Extrinsic spin Hall effect induced by resonant skew scattering in graphene
A. Ferreira, T. G. Rappoport, M. A. Cazalilla, A. H. Castro Neto

TL;DR
This paper demonstrates that the extrinsic spin Hall effect in graphene can be significantly enhanced through resonant skew scattering caused by adatoms or nanoparticles, leading to potentially large spin currents in practical devices.
Contribution
It introduces a method to engineer a strong extrinsic spin Hall effect in graphene via local spin-orbit perturbations from adatoms and analyzes the resulting skew scattering and transport properties.
Findings
Giant spin Hall currents are achievable with current fabrication techniques.
The effect is robust against thermal fluctuations and disorder.
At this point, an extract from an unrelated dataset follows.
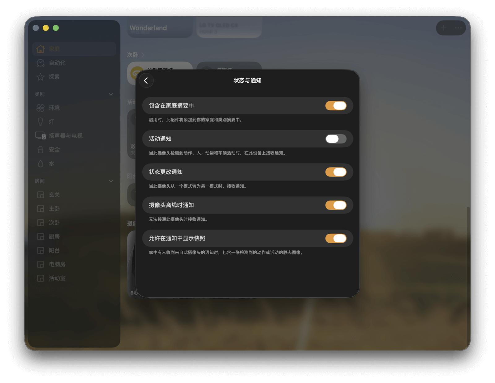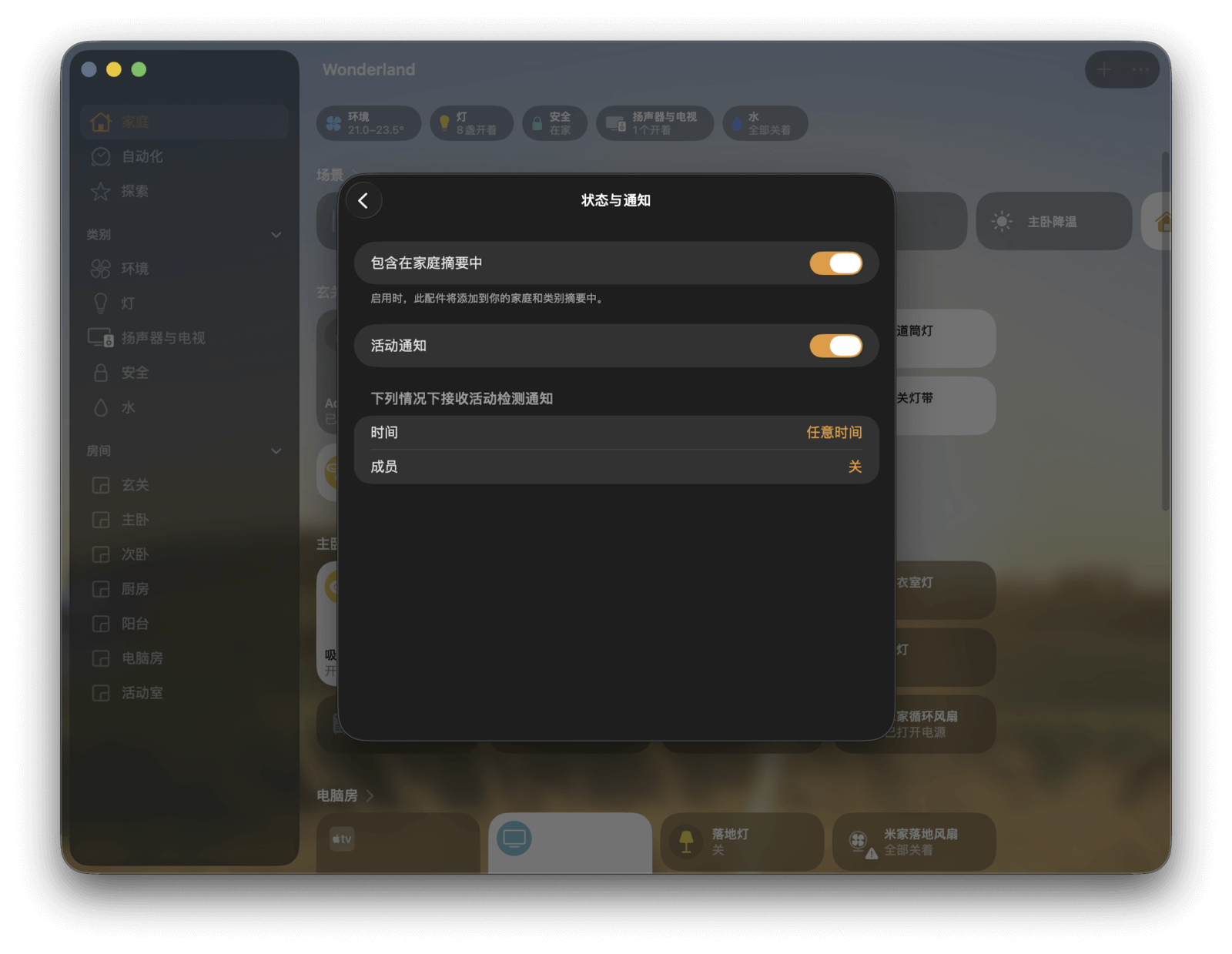 对了,有些设备的通知管理也可以在「状态」页面中设置,操作方式与「查看设备和家庭状态」部分提到的类似,这里就不再展开了。

Resonant skew scattering significantly enhances the spin Hall effect.
Abstract
We show that the extrinsic spin Hall effect can be engineered in monolayer graphene by decoration with small doses of adatoms, molecules, or nanoparticles originating local spin-orbit perturbations. The analysis of the single impurity scattering problem shows that intrinsic and Rashba spin-orbit local couplings enhance the spin Hall effect via skew scattering of charge carriers in the resonant regime. The solution of the transport equations for a random ensemble of spin-orbit impurities reveals that giant spin Hall currents are within the reach of the current state of the art in device fabrication. The spin Hall effect is robust with respect to thermal fluctuations and disorder averaging.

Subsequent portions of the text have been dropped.